Families of 2 Maryland Miners File Wrongful Death Suit
The families of two western Maryland coal miners killed in the 2007 collapse of a surface mine wall have filed a wrongful death lawsuit claiming negligence by the mine’s planners, operators and safety trainers.
The complaint filed in Allegany County seeks $4 million each for the families of Dale F. Jones and Michael R. Wilt.
Jones, 51, of Lonaconing, and Wilt, 38, of Frostburg, were crushed beneath thousands of tons of rock when the highwall, or exposed rock face, of Tri-Star Mining Inc.’s Job No. 3 mine near Barton collapsed on April 17, 2007.

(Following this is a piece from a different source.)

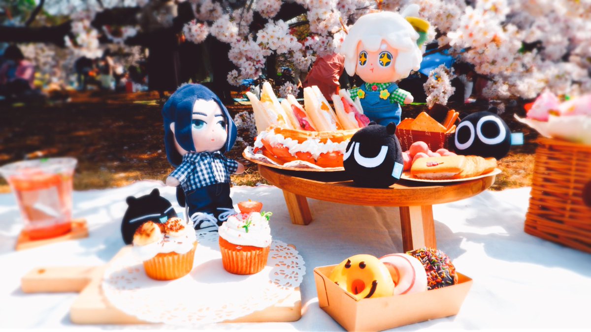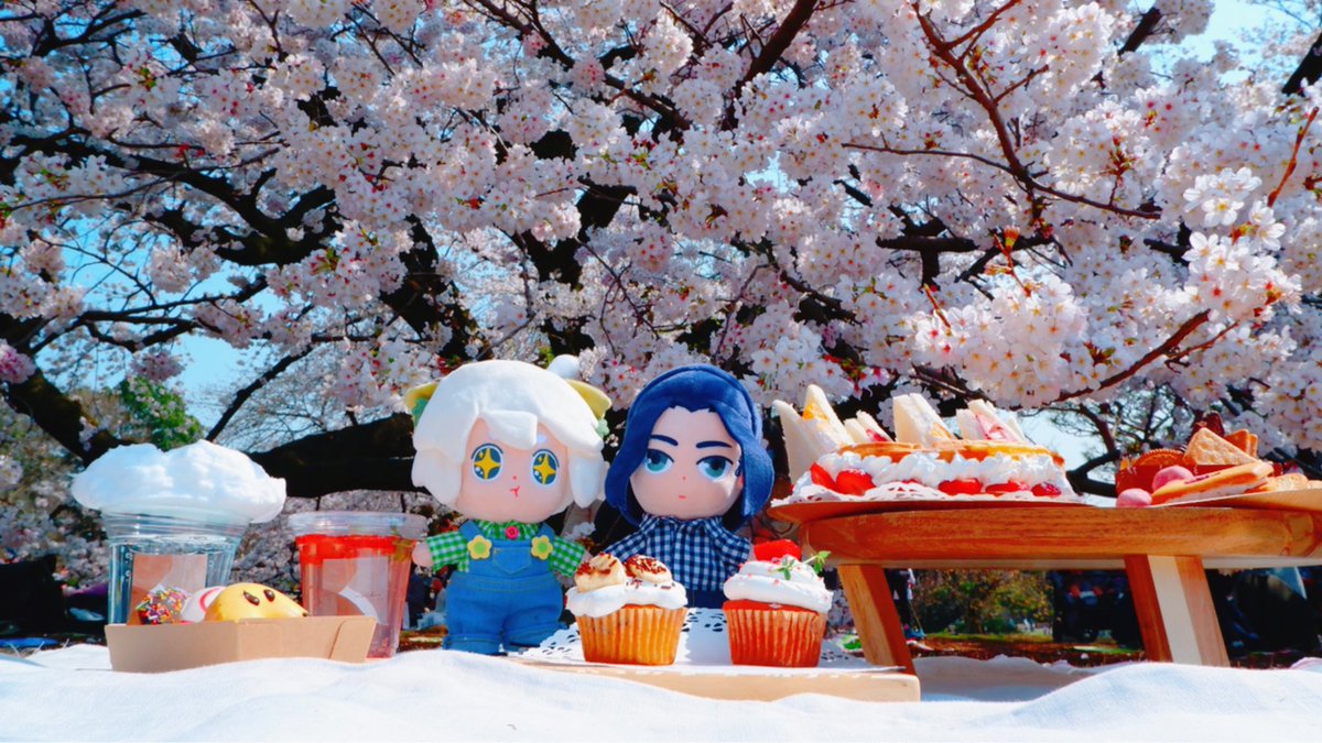 春服でお花のボタンと明るめの生地で✨ デニム地初めて使ったけどステッチが楽しくてハマりそう🥳 最高のピクニック日和〜🌸お花散る前に行けてよかった🥰 小黑沢山お食べ〜🍴 #羅小黒手芸部
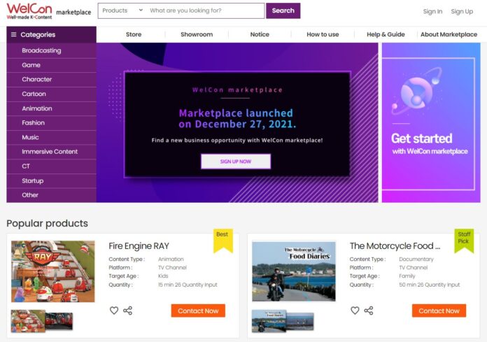 문화체육관광부(장관 황희)와 한국콘텐츠진흥원(원장 조현래, 이하 콘진원)은 신한류를 이끌 K-콘텐츠의 해외진출을 지원하기 위해 자체 콘텐츠수출마케팅플랫폼 ‘웰콘(WelCon)’에 온라인 B2B ‘마켓플레이스’ 기능을 장착하고 본격 서비스에 나섰다.

The complaint alleges the miners were assured by Tri-Star that the highwall was safe despite the company’s incomplete examination of the site on the day of the accident. Had the examination been thorough, it would have revealed that the wall, already weakened by underground mining decades earlier, was made further unstable by four straight days of rain before the collapse, the lawsuit claimed.
“Why must coal mine operators insist on repeatedly and flagrantly violating reasonable and obvious safety requirements at the peril of their workers?” said Keith S. Franz, a Baltimore-based attorney representing Wilt’s widow, Tonya, his two daughters and his mother.
The defendants include George R. Beener, of Rockwood, Pa., who runs both Tri-Star and BTC Developments, the mine’s landowner. Beener didn’t immediately return calls from The Associated Press.
The lawsuit also targets other individual employees of Tri-Star; engineering consultant Robert L. Dugan Jr., of Frostburg; Western Maryland Associates of Frostburg, which allegedly created the ground-control plan; Highland Engineering and Surveying Inc., of Oakland, which allegedly created a mine map; and Bituminous Safety Services Inc., of Morgantown, W.Va., which allegedly provided safety training. Dugan and Western Maryland denied any connection to the accident; Highland declined to comment and Bituminous didn’t return a call.
Tri-Star agreed in May to pay $105,000 in penalties under a settlement with the U.S. Mine Safety and Health Administration. The agency had originally recommended a $180,000 fine.
Baltimore attorney Donald Saiontz, representing Jones’ widow Linda and his two adult children, said the tragedy could have been avoided.
“I think it’s a classic case of indifference to the safety of miners,” Saiontz said. “They didn’t think it was very consequential to monitor the safety situation.”